In [1]:
from torch_geometric.datasets import Planetoid, CitationFull, NELL
from Proposed.proposed_dataset import ProposedDataset
import torch_geometric.transforms as T
from torch_geometric.data import InMemoryDataset, Data
import torch


DATASET_ROOT_FOLDER = "Datasets"

def get_citeseer_dataset():
    dataset = Planetoid(root = DATASET_ROOT_FOLDER,
                        name= "CiteSeer",
                        split='random')
    
    return random_split(dataset)

def get_cora_dataset():
    dataset = Planetoid(root = DATASET_ROOT_FOLDER,
                        name= "Cora",
                        split='random')
    
    return random_split(dataset)


def get_pubmed_dataset():
    dataset = Planetoid(root = DATASET_ROOT_FOLDER,
                        name= "PubMed",
                        split='random')
    
    return random_split(dataset)


def get_nell_dataset():

    transform = T.RandomNodeSplit(split='random')

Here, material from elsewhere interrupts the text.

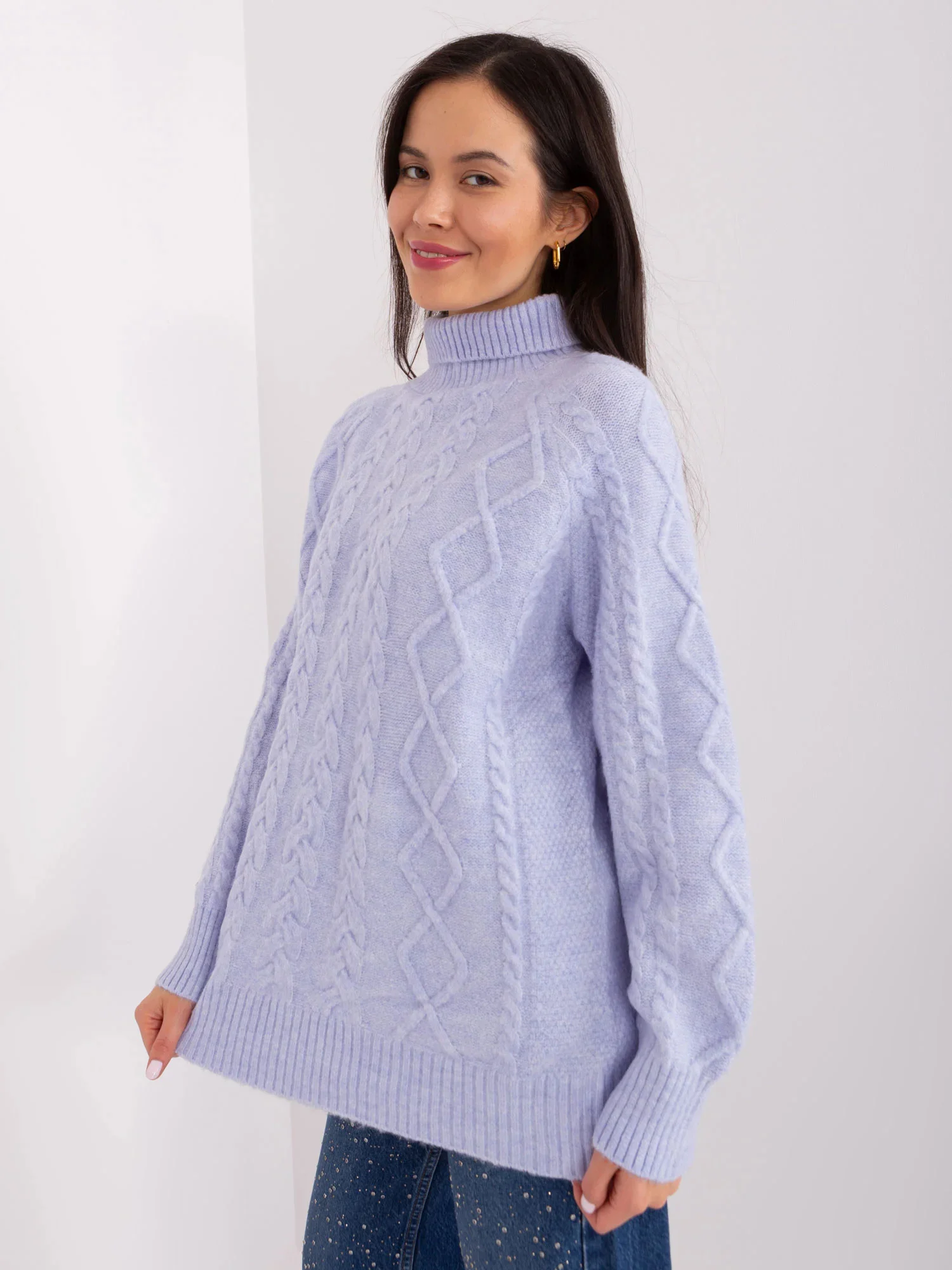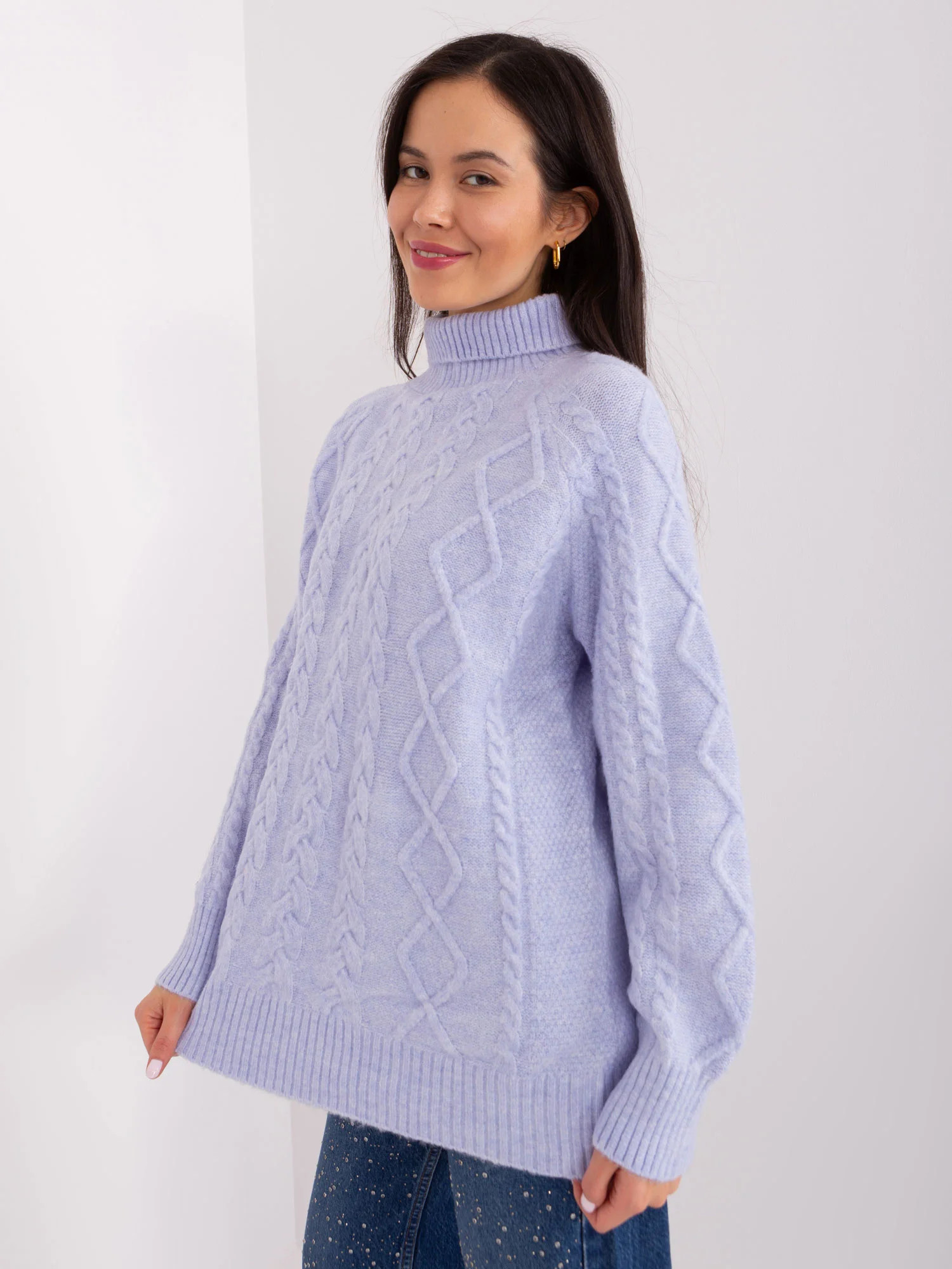 Rozměry svetru v jedné velikosti měřené na plocho: šířka v podpaží - 70 cm, délka rukávu - 60 cm, celková délka - 67 cm EAN čárové kódy zboží jsou:

    dataset = NELL(root = DATASET_ROOT_FOLDER, transform=transform)

    #data = Data(x=dataset[0].x.to_dense(),
    #            edge_index=dataset[0].edge_index,
    #            y=dataset[0].y)
    
    dataset.x = dataset[0].x.to_dense()
    
    return random_split(dataset)


def get_proposed_dataset():
    dataset = ProposedDataset(root = DATASET_ROOT_FOLDER)
    
    return dataset


def random_split(data, num_train_per_class: int = 20, num_val: int = 500, is_nell=False):
    data.train_mask.fill_(False)
    for c in range(data.num_classes):
        num_train_per_class = int(num_train_per_class * .1) if is_nell else num_train_per_class
        idx = (data.y == c).nonzero(as_tuple=False).view(-1)
        idx = idx[torch.randperm(idx.size(0))[:num_train_per_class]]
        data.train_mask[idx] = True

    remaining = (~data.train_mask).nonzero(as_tuple=False).view(-1)
    remaining = remaining[torch.randperm(remaining.size(0))]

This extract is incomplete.